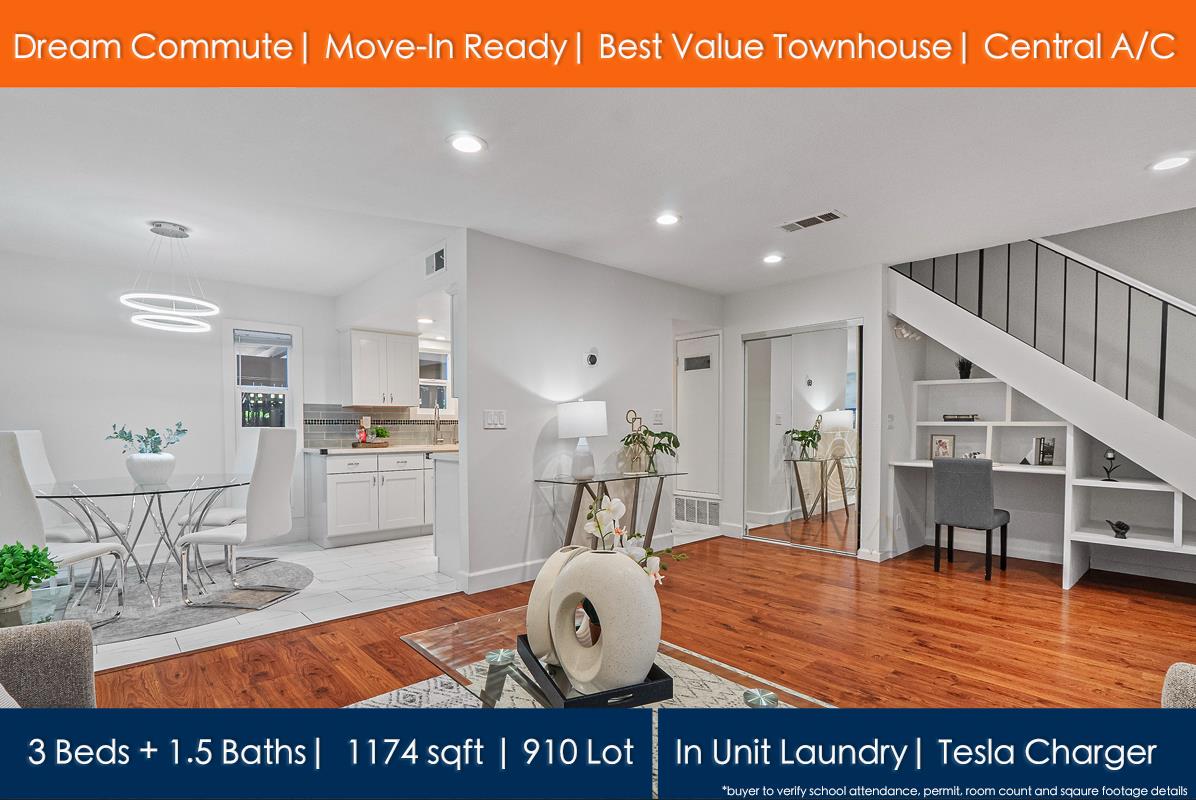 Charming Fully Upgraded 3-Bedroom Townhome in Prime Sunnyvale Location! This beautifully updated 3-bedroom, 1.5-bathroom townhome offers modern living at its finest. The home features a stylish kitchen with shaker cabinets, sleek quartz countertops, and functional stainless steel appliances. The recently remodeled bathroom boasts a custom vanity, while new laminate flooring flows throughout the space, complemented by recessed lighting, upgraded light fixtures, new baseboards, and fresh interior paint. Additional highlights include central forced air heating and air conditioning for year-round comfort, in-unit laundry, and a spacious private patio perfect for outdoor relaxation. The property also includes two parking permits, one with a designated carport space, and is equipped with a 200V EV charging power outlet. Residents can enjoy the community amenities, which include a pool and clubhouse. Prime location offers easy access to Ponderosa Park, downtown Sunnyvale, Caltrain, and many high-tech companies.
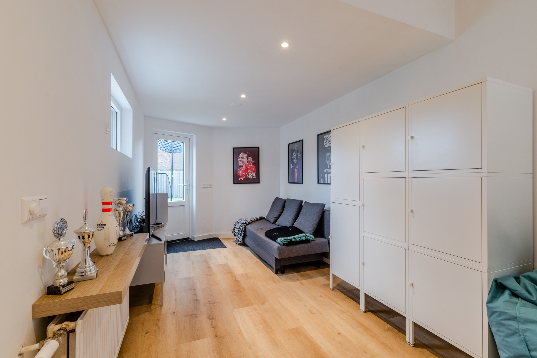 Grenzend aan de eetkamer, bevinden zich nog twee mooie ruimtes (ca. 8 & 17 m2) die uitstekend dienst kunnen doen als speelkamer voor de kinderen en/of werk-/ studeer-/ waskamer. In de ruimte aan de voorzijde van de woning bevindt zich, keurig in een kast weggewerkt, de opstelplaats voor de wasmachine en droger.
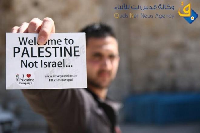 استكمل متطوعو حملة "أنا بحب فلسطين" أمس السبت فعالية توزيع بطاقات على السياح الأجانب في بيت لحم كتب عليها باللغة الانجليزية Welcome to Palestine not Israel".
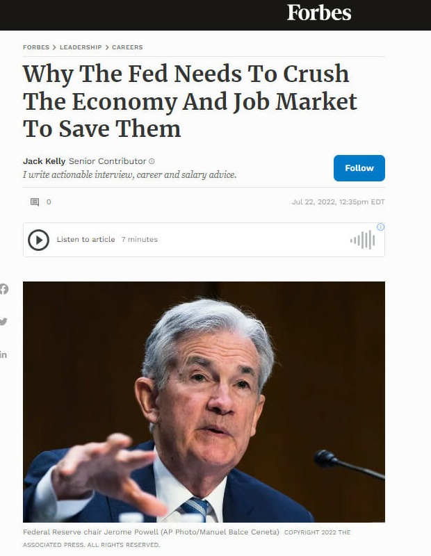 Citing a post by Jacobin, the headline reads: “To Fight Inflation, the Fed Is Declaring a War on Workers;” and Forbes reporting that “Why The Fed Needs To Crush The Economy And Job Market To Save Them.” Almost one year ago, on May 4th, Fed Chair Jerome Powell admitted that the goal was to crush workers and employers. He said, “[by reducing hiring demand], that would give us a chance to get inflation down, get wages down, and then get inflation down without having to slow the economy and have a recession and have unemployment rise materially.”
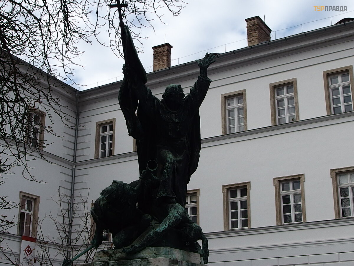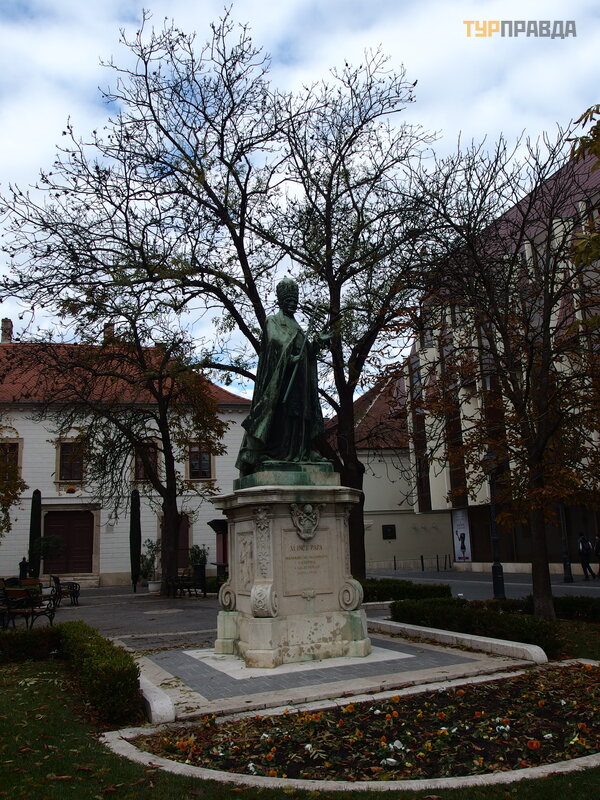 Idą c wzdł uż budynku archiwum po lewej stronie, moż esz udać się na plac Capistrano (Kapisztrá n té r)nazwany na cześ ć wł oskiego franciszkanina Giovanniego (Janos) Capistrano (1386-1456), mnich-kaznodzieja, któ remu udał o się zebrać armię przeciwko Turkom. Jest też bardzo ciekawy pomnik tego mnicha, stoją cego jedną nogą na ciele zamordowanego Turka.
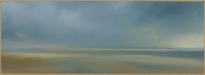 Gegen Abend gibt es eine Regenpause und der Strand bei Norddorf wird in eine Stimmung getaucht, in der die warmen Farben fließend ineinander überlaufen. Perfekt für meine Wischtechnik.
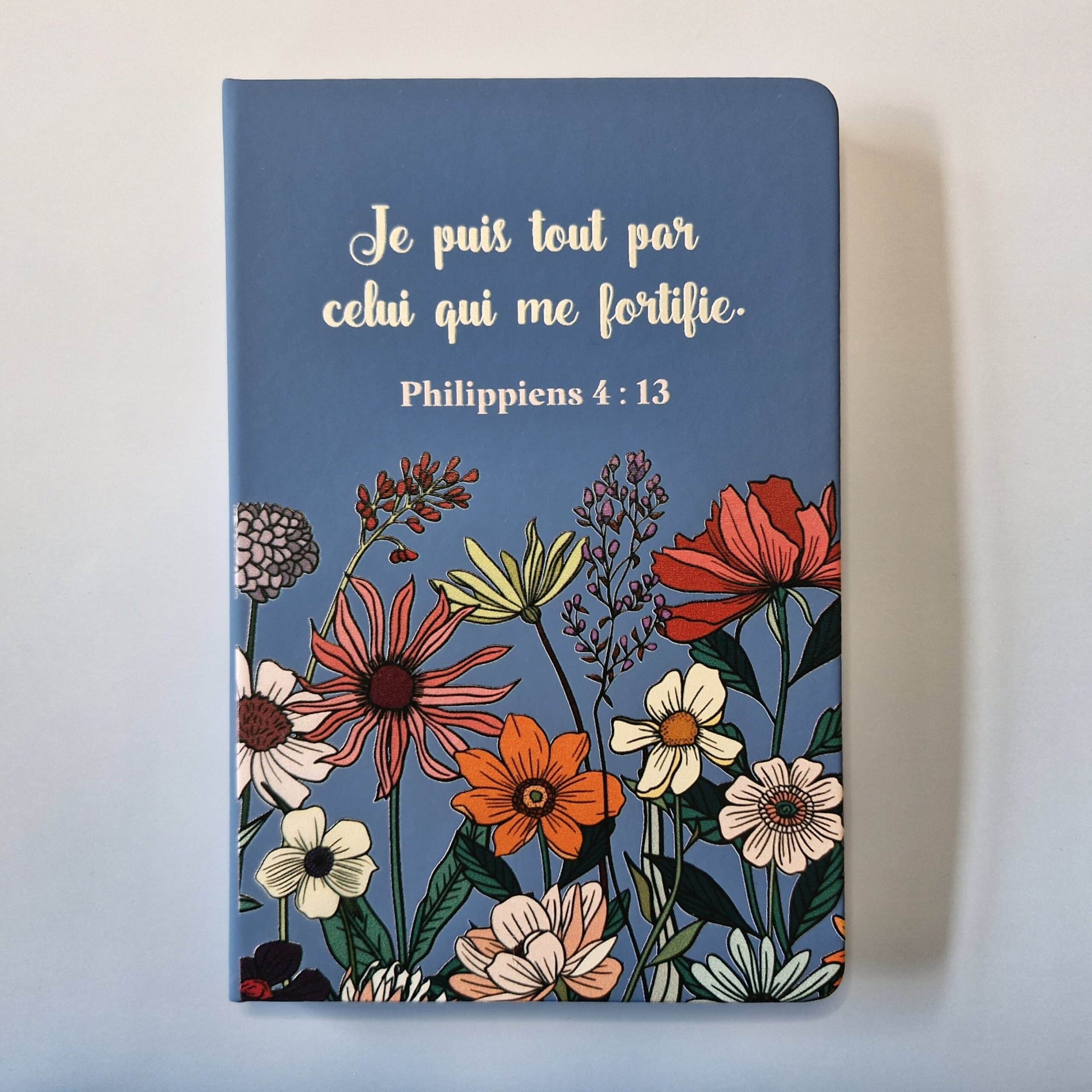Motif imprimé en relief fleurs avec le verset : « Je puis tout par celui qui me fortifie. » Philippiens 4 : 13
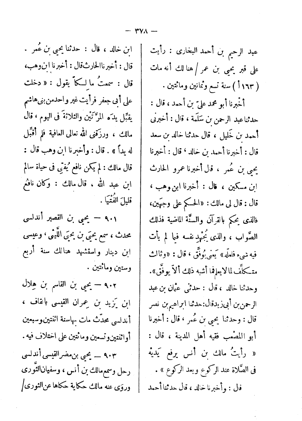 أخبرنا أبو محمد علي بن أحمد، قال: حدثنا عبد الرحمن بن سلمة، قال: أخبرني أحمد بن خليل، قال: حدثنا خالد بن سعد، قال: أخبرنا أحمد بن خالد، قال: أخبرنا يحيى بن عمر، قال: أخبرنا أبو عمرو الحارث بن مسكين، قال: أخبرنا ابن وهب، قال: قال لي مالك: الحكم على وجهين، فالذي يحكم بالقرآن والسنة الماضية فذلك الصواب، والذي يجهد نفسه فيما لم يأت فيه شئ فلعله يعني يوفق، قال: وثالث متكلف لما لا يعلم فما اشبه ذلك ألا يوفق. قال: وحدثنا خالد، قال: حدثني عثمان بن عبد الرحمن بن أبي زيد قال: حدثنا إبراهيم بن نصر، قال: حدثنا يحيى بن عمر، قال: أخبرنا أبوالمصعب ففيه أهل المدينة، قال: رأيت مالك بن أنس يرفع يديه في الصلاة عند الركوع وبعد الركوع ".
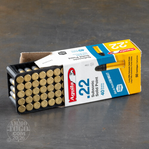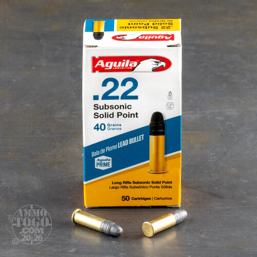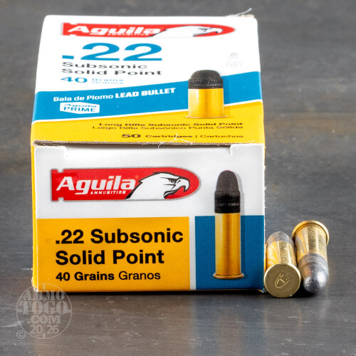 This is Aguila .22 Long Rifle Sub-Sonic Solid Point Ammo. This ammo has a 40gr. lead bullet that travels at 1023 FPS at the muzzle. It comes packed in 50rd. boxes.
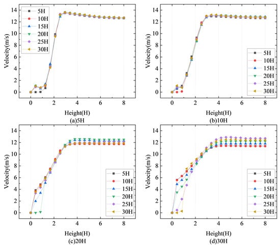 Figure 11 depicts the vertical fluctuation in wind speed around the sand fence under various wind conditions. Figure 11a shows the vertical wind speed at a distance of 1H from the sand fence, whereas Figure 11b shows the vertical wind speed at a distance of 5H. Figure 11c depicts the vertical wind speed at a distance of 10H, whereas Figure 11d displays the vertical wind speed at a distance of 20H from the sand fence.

+ + +

_WORK INSTRUCTIONS_
The answer should be the records above, unchanged, with the pictures omitted.

_ANSWER BOX_
 Charming Fully Upgraded 3-Bedroom Townhome in Prime Sunnyvale Location! This beautifully updated 3-bedroom, 1.5-bathroom townhome offers modern living at its finest. The home features a stylish kitchen with shaker cabinets, sleek quartz countertops, and functional stainless steel appliances. The recently remodeled bathroom boasts a custom vanity, while new laminate flooring flows throughout the space, complemented by recessed lighting, upgraded light fixtures, new baseboards, and fresh interior paint. Additional highlights include central forced air heating and air conditioning for year-round comfort, in-unit laundry, and a spacious private patio perfect for outdoor relaxation. The property also includes two parking permits, one with a designated carport space, and is equipped with a 200V EV charging power outlet. Residents can enjoy the community amenities, which include a pool and clubhouse. Prime location offers easy access to Ponderosa Park, downtown Sunnyvale, Caltrain, and many high-tech companies.
 Grenzend aan de eetkamer, bevinden zich nog twee mooie ruimtes (ca. 8 & 17 m2) die uitstekend dienst kunnen doen als speelkamer voor de kinderen en/of werk-/ studeer-/ waskamer. In de ruimte aan de voorzijde van de woning bevindt zich, keurig in een kast weggewerkt, de opstelplaats voor de wasmachine en droger.
 استكمل متطوعو حملة "أنا بحب فلسطين" أمس السبت فعالية توزيع بطاقات على السياح الأجانب في بيت لحم كتب عليها باللغة الانجليزية Welcome to Palestine not Israel".
 Citing a post by Jacobin, the headline reads: “To Fight Inflation, the Fed Is Declaring a War on Workers;” and Forbes reporting that “Why The Fed Needs To Crush The Economy And Job Market To Save Them.” Almost one year ago, on May 4th, Fed Chair Jerome Powell admitted that the goal was to crush workers and employers. He said, “[by reducing hiring demand], that would give us a chance to get inflation down, get wages down, and then get inflation down without having to slow the economy and have a recession and have unemployment rise materially.”
 Idą c wzdł uż budynku archiwum po lewej stronie, moż esz udać się na plac Capistrano (Kapisztrá n té r)nazwany na cześ ć wł oskiego franciszkanina Giovanniego (Janos) Capistrano (1386-1456), mnich-kaznodzieja, któ remu udał o się zebrać armię przeciwko Turkom. Jest też bardzo ciekawy pomnik tego mnicha, stoją cego jedną nogą na ciele zamordowanego Turka.
 Gegen Abend gibt es eine Regenpause und der Strand bei Norddorf wird in eine Stimmung getaucht, in der die warmen Farben fließend ineinander überlaufen. Perfekt für meine Wischtechnik.
Motif imprimé en relief fleurs avec le verset : « Je puis tout par celui qui me fortifie. » Philippiens 4 : 13
 أخبرنا أبو محمد علي بن أحمد، قال: حدثنا عبد الرحمن بن سلمة، قال: أخبرني أحمد بن خليل، قال: حدثنا خالد بن سعد، قال: أخبرنا أحمد بن خالد، قال: أخبرنا يحيى بن عمر، قال: أخبرنا أبو عمرو الحارث بن مسكين، قال: أخبرنا ابن وهب، قال: قال لي مالك: الحكم على وجهين، فالذي يحكم بالقرآن والسنة الماضية فذلك الصواب، والذي يجهد نفسه فيما لم يأت فيه شئ فلعله يعني يوفق، قال: وثالث متكلف لما لا يعلم فما اشبه ذلك ألا يوفق. قال: وحدثنا خالد، قال: حدثني عثمان بن عبد الرحمن بن أبي زيد قال: حدثنا إبراهيم بن نصر، قال: حدثنا يحيى بن عمر، قال: أخبرنا أبوالمصعب ففيه أهل المدينة، قال: رأيت مالك بن أنس يرفع يديه في الصلاة عند الركوع وبعد الركوع ".
 This is Aguila .22 Long Rifle Sub-Sonic Solid Point Ammo. This ammo has a 40gr. lead bullet that travels at 1023 FPS at the muzzle. It comes packed in 50rd. boxes.
 Figure 11 depicts the vertical fluctuation in wind speed around the sand fence under various wind conditions. Figure 11a shows the vertical wind speed at a distance of 1H from the sand fence, whereas Figure 11b shows the vertical wind speed at a distance of 5H. Figure 11c depicts the vertical wind speed at a distance of 10H, whereas Figure 11d displays the vertical wind speed at a distance of 20H from the sand fence.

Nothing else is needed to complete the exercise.